Question

trying to solve this first order pde

\[u_t+xtu_x=0\]\[u(x,0)=f(x)\]\[-\infty 12 years ago

Answer 1

my prof really skimmed over this, I have no idea where to start here. I can't find any characteristic equations...

Answer 2

\[\dot{x}=xt\]\[\ln x=\frac{t^2}{2}+C\]\[x(t)=Ce^{t^2/2}\]

Answer 3

How about Separation of Variables?

Answer 4

I don't see how SOV would work?

Answer 5

Try now. Let me see your work,

Answer 6

\[\frac{u_t}{t}=-xu_x\]

Answer 7

... and i'm stuck haha.

Answer 8

That's a simple DE to solve.

Answer 9

And I meant Separation of Variables by assuming U is a product of x and t functions.

Answer 10

Meaning, let U = R(x)*G(t).

Answer 11

oh. you mean like every other SOV in this course? oops. just a second.

Answer 12

\[u(x,t)=R(x)G(t)\]\[R(x)G'(t)=-xtR'(x)G(t)\]\[\frac{G'(t)}{tG(t)}=-\frac{xR'(x)}{x}=\text{constant}\equiv C\]
\[G'(t)=CtG(t)\]\[G(t)=Ce^{kt^2/2}\]
\[\frac{R'(t)}{R(t)}=-\frac{k}{x}\]\[\ln R(t)=-k \ln x+C\]\[R(t)=Cx^{-k}\]
\[u(x,t)=C\frac{e^{kt^2/2}}{x^k}\]

Answer 13

I didn't go through your work, but it looks like you get the point.

Answer 14

oops.

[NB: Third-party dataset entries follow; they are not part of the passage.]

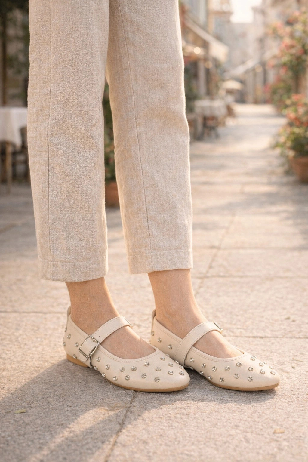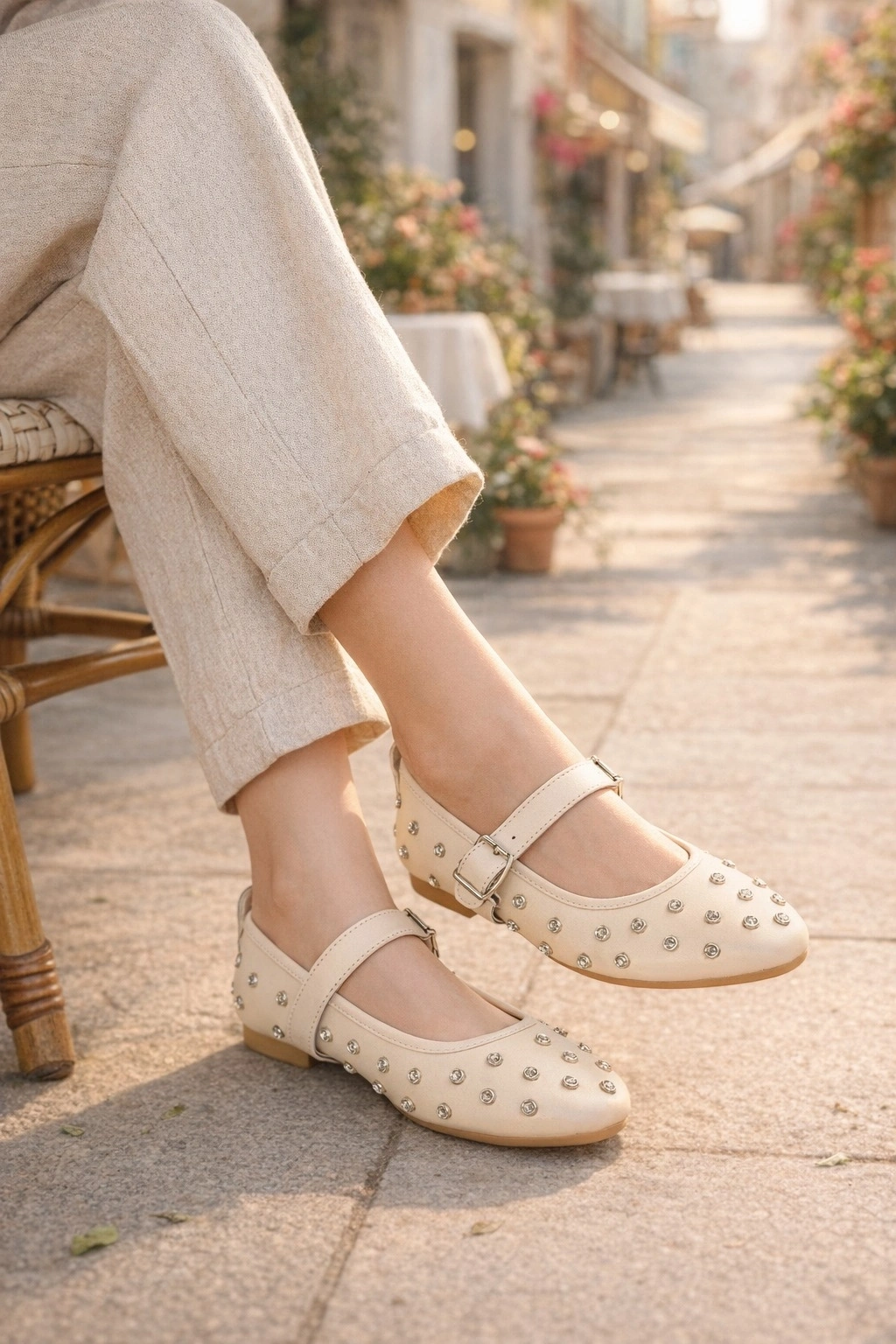 Zarif taş süslemeleriyle dikkat çeken bu babet, tokalı bant yapısı sayesinde ayağı daha iyi kavrar ve gün boyu konfor sağlar.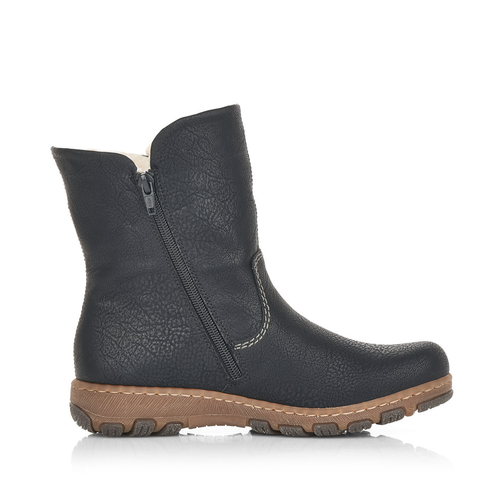 Detailní informace Tyto pohodlné, dámské, kotníkové boty od značky Rieker, v černé barvě, musíte mít. Svrchní materiál je elegantně prošívaný světlou nití. Maximální komfort Vám zajistí gumičky z venkovní strany, které se ideálně přizpůsobí Vaší noze. Díky zipu z vnitřní strany se Vám budou boty snadno obouvat. V chladných zimních dnech Vás zahřeje teplá podšívka z pravé ovčí vlny a pohodlí na každém kroku budete mít díky pohodlné stélce a kvalitní podešvi s technologií Antistress.
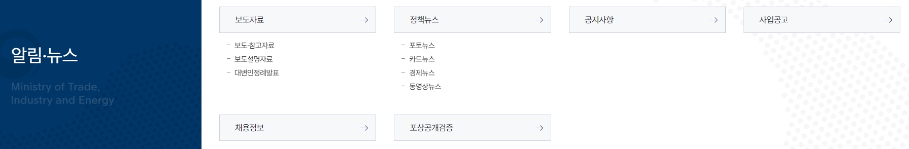 9. 보도 자료와 함께 국민들이 산업부의 정책과 활동에 대해 알 수 있도록 다양한 정보가 제공됩니다. 보도 자료 메뉴에서는 주요 정책 발표와 관련된 보도자료들이 제공되며, 정책에 대한 상세 설명 자료도 제공됩니다. 이로써 국민들이 정부 정책에 대한 이해도를 높일 수 있도록 돕습니다. 산업부의 최신 소식을 한눈에 파악할 수 있는 이 메뉴는 국민들이 필요한 정보를 쉽고 빠르게 접할 수 있게 해줍니다.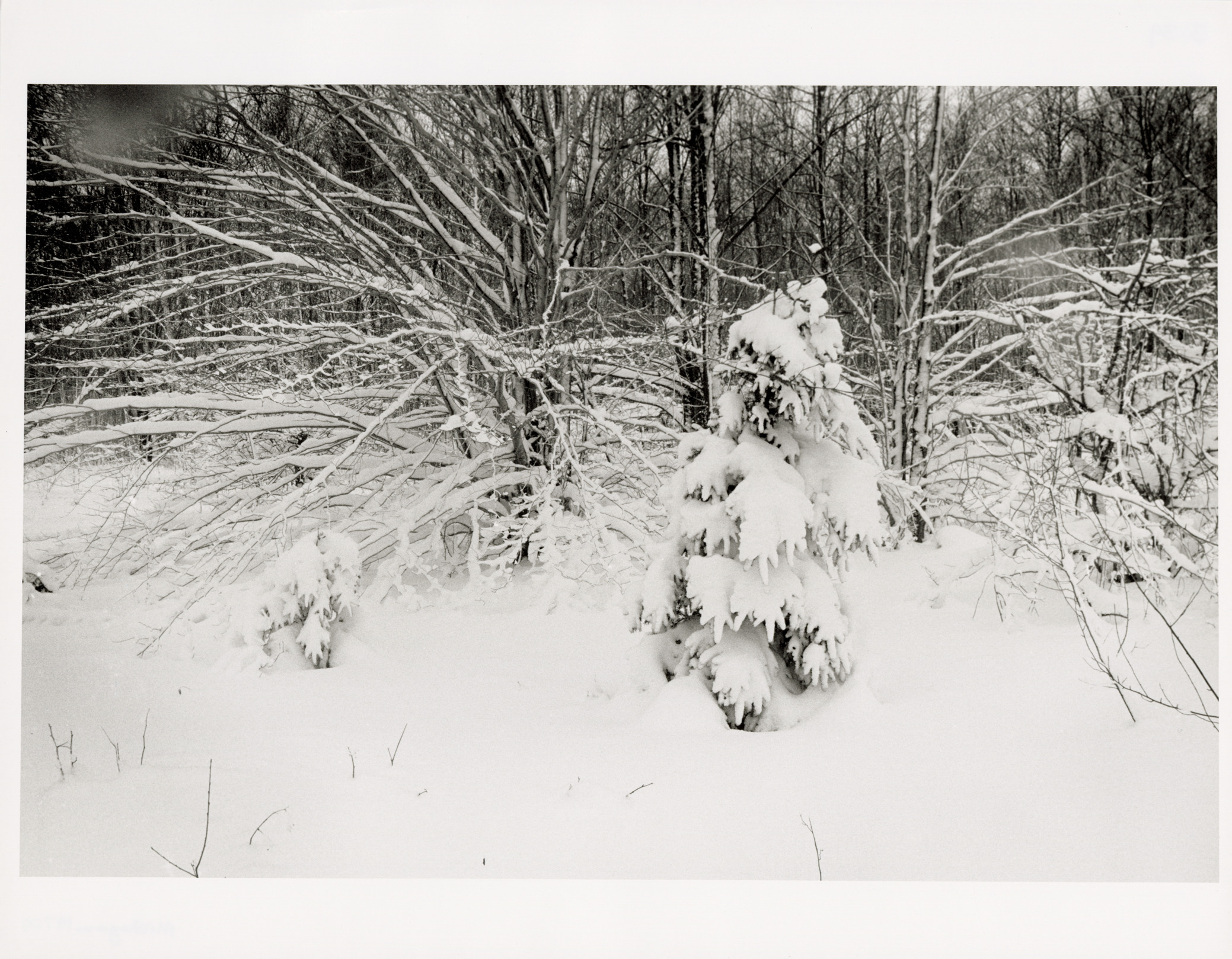 View of snow-covered trees during winter. Label on back: "Michigan Thumb area--Winter--Snow on plants at edge of woods, 1970's." Handwritten on back: "Michigan, 1970's."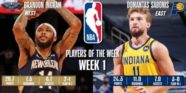 来源:JRS直播网12-30 20:01NBA新赛季战火重燃,经过一星期的角逐,各支球队的状态和近况大致能看出个七七八八。经过揭幕战、年终大战等重要战役的洗礼,首周的周最佳球员评选出炉,印第安纳步行者的多曼塔斯-萨博尼斯与新奥尔良鹈鹕的布兰登-英格拉姆分别当选。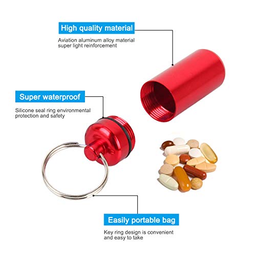 NATUCE 6PCS P llaveros pastilleros estancos, Caja de Pastillas de aleación de Aluminio, astillero Píldoras Llavero Caja Botella Contenedor De Aluminio, Impermeable Mini Pastillero para la Medicación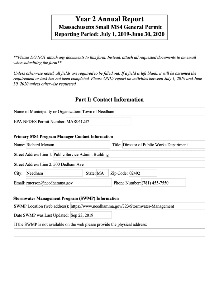 Year 2 Annual Report Massachusetts Small MS4 General Permit Reporting Period: July 1, 2019June 30, 2020**Please DO NOT attach any documents to this form. Instead, attach all requested documents to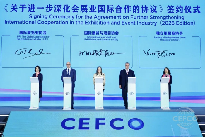 1月22日,2026年中国会展经济国际合作论坛(CEFCO论坛)在武汉开幕。会上,中国贸促会与国际展览业协会(UFI)等四家国际会展组织续签合作协议,武汉市集中签约10个国际化会展项目,推动中国会展企业“走出去”与国际会展资源“引进来”,实现会展行业的“双向奔赴”。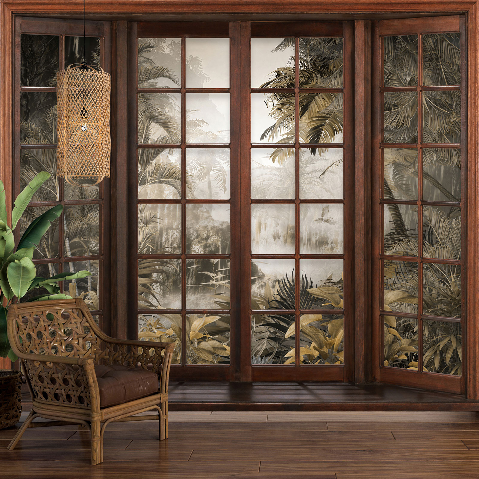 Carta da parati panoramica - Illusione ottica - Finestra in legno - Foresta Tropicale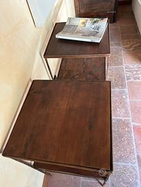 Vendo 2 tavolini/comodini ferro con ripiani in legno massello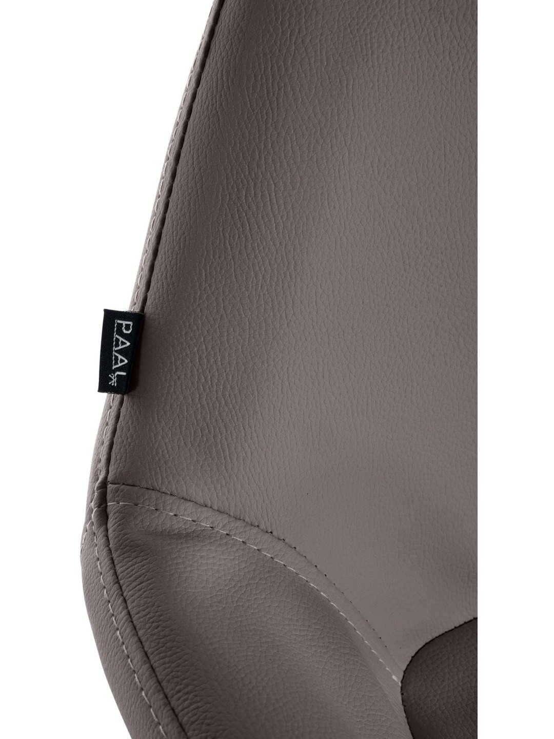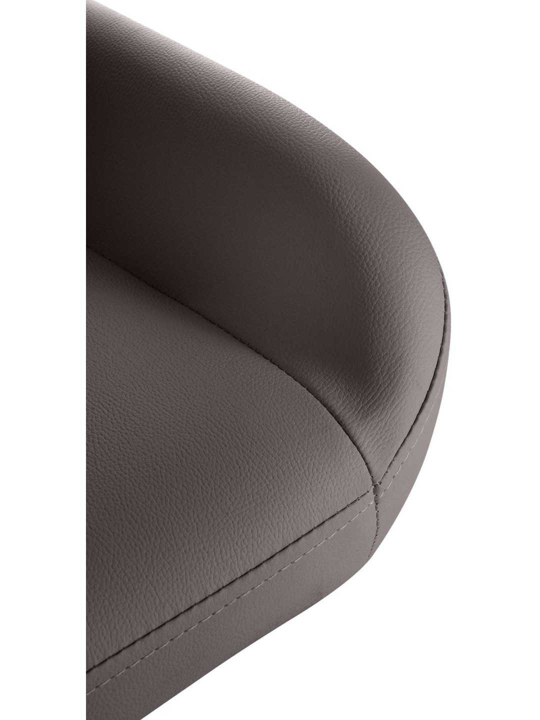 El asiento y el respaldo están tapizados con una funda de piel sintética de alta calidad y ofrecen un alto nivel de comodidad gracias a su acolchado. Un reposapiés integrado favorece el asiento en posición erguida. La altura del asiento se puede ajustar continuamente mediante un elevador de gas. El asiento se puede girar 360°, lo que permite una flexibilidad adicional.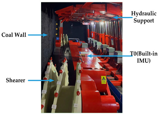 Coal is the main energy source in China [1]. The application of intelligent unmanned mining [2,3] technology to improve the level of coal mine equipment is of great importance to realize less humanized operation, unmanned mining, and reduce labor costs [4]. One of the most critical is the implementation of the linkage of the coal mining machine, scraper conveyor, and hydraulic support [5] for the comprehensive mining face. Memory cutting, hydraulic brace movements, and mining process choices are all based on the coal mining machine’s precise location. The micro-electromechanical inertial measurement unit (MIMU) [6,7] provides a wealth of navigation information for the Strapdown Inertial Navigation System (SINS) [8] with its low cost and small size. However, the MIMU orientation method is less accurate because it is more subject to ambient interference and mistakes brought on by attitude and position solving from pure inertial guiding data. Where conventional GPS [9] cannot be used in underground mine environments [10], UWB [11,12] positioning systems can be used in environments where GPS is denied. SINS has been successfully applied to the positioning of continuous coal mining machines [13,14,15].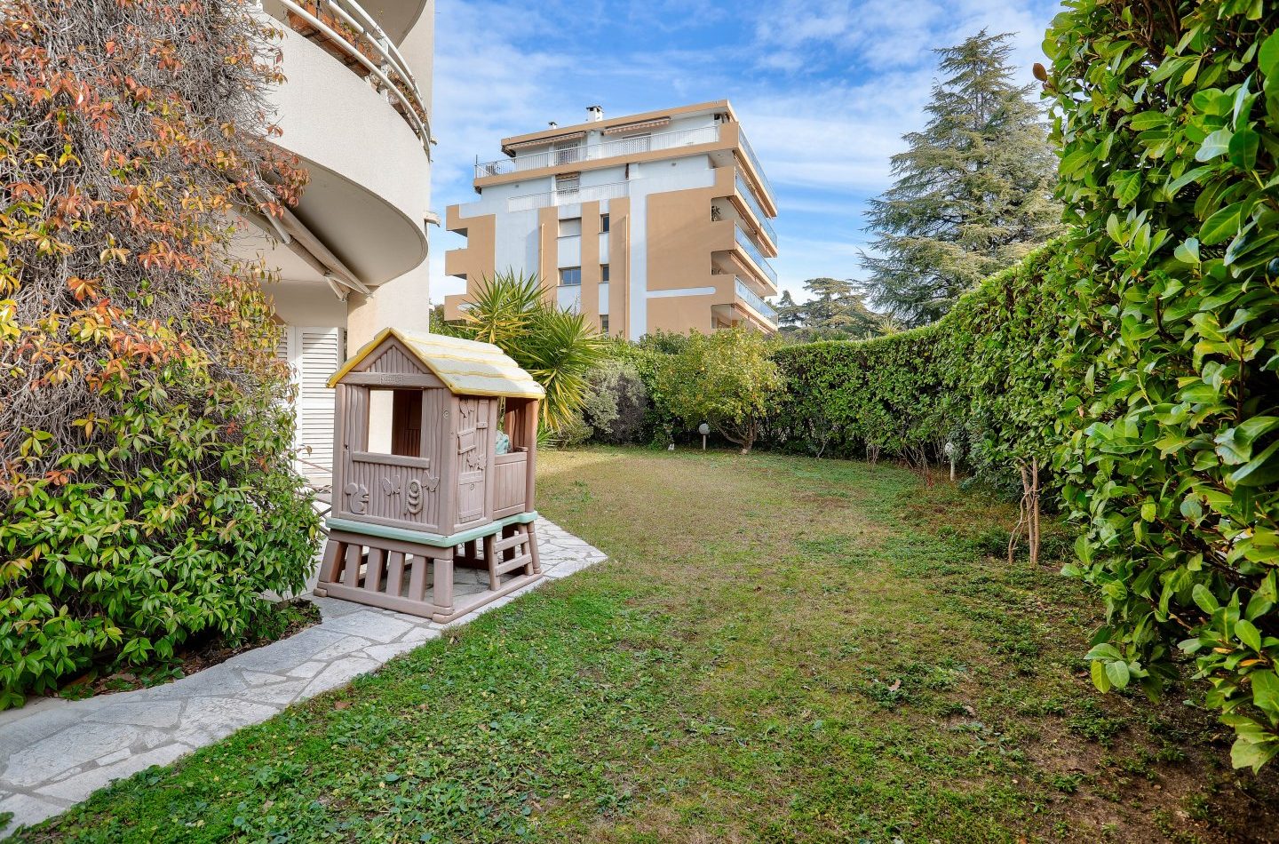 Rimiez, Royal Eden – Dans une résidence de standing avec gardien et piscine, nous vous proposons ce superbe appartement de 4 pièces, d’une superficie de 108,13 m², situé en rez-de-jardin surélevé, avec une terrasse de 35 m² et un jardin privé de 160 m².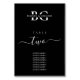 A minimalist black and white monogram initials wedding design. A simple design that uses the bride's and groom's initials and names to create an elegant classic monogram. A charming black and white minimalist monogrammed design with classy script typography. An elegant black and white monogram initials themed wedding invitation table number design with modern elements. Matching wedding invitations and other stationery items are also available. Customize the number and purchase each tables number individually according to how many table numbers you need.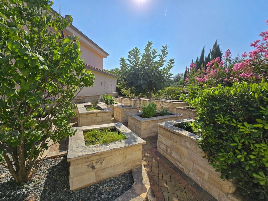 Ova nekretnina ima uredno održavanu okućnicu i vrtsa brojnim voćkama i stablima, a sve je opremljeno navodnjavanjem.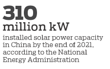 According to the National Energy Administration, by the end of 2021, installed solar power capacity in China, a global leader in photovoltaic product manufacturing, was about 310 million kilowatts, up 20.9 percent year-on-year.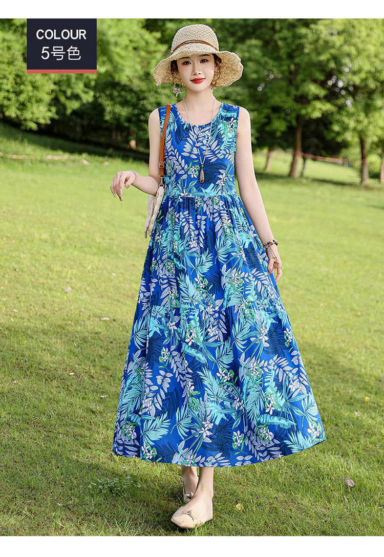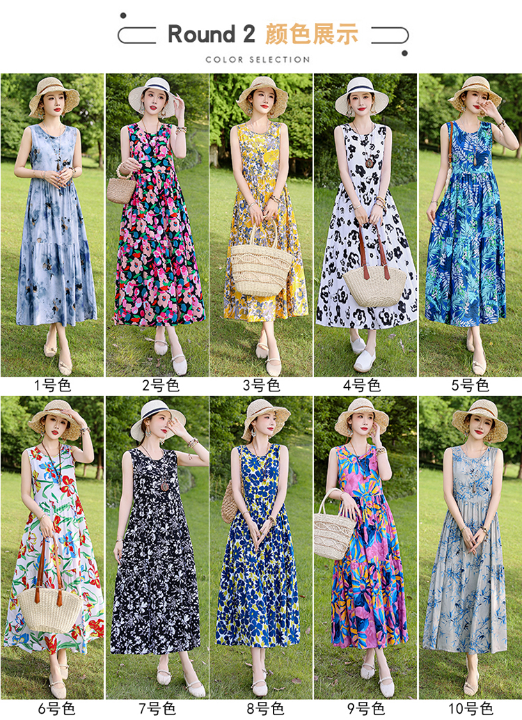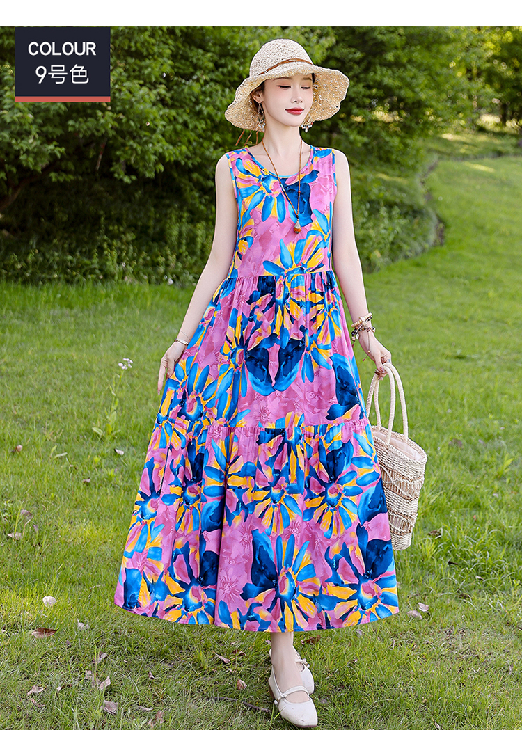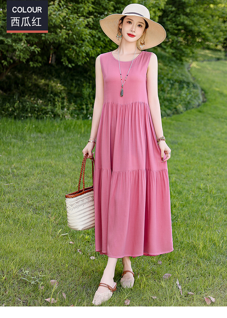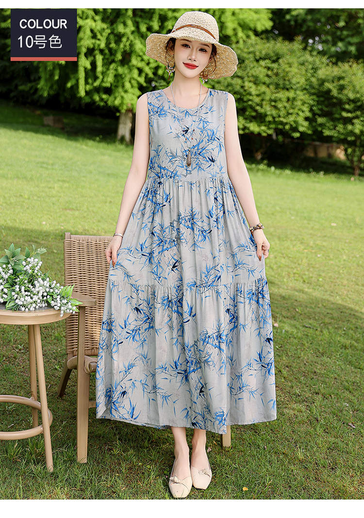 夏季无袖棉绸连衣裙女大码宽松长款过膝新款洋气显瘦高级感蛋糕裙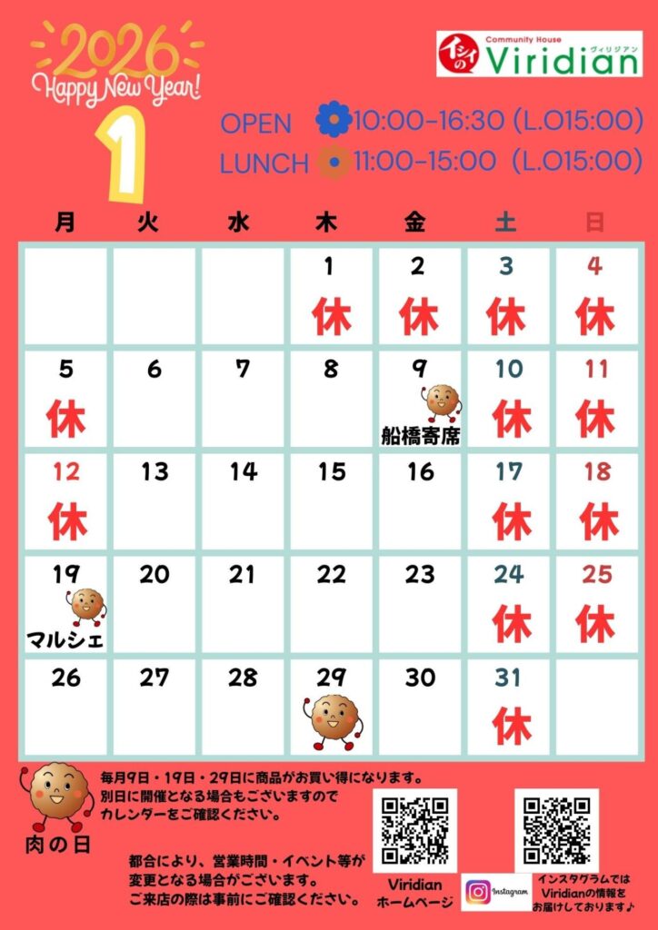2025年12月18日【営業時間のご案内】2026年1月休館日営業時間 SNSでシェアする 𝕏 ポスト share LINE 【営業時間のご案内】2026年1月 2025.12.18 【イベント開催報告】「いつでもミートボー... 2025.12.18 【イベント情報】「いつでもミートボール」... 2025.12.04 【店舗情報】Viridian共同企画レン... 2025.12.04 【店舗情報】店内の冬支度が完了しました(... 2025.12.03 【営業時間のご案内】2025年12月 2025.12.03 【イベント情報】Viridianマルシェ 2025.12.02 【商品情報】江戸雑煮・博多雑煮・京都雑煮... 2025.11.21 【イベント情報】ブラックフライデー初開催... 2025.11.20 【商品情報】フィロコフィアコーヒー・カフ... 2025.11.07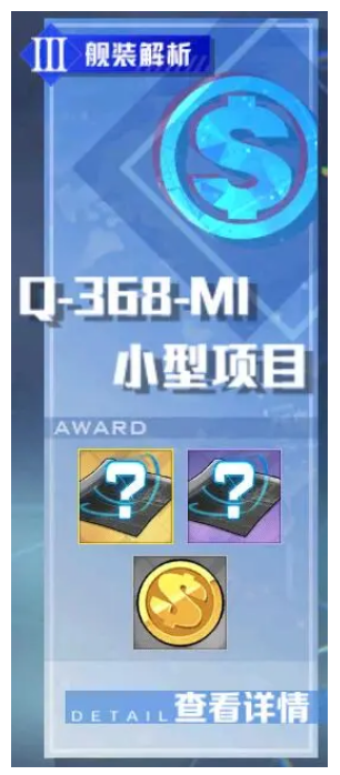高效大量获取科研船图纸的项目,代价则是没有装备图纸,不宜多做,对一般玩家来说主要是用于短时刷新科研的工具项目,同时也是大量获取心智单元的手段之一。

I messed up copying it.

Answer 15

This is the first method you should always attempt.

Answer 16

I still don't have a solution that works. not even close.

Answer 17

well I do. but I have no idea how to "get" it.

Answer 18

What's the problem?

Answer 19

Your answer will be in terms of f(x).

Answer 20

if I could get to this\[u(x,t)=\frac{t^2}{2}-\ln x\]I would be stoked.

Answer 21

Is that the final answer?

Answer 22

I don't know. but that satisfies the pde. just from inspection

Answer 23

Dude/Dudette, there will be many solutions to the PDE.

Answer 24

Use the initial condition given.

Answer 25

u(x,0)=f(x) is also true with the solution I have?

Answer 26

I dunno honestly I am getting nowhere with separation of variables.

Answer 27

No, because nobody said what f(x) is. Your answer should be in terms of f(x). Said that already.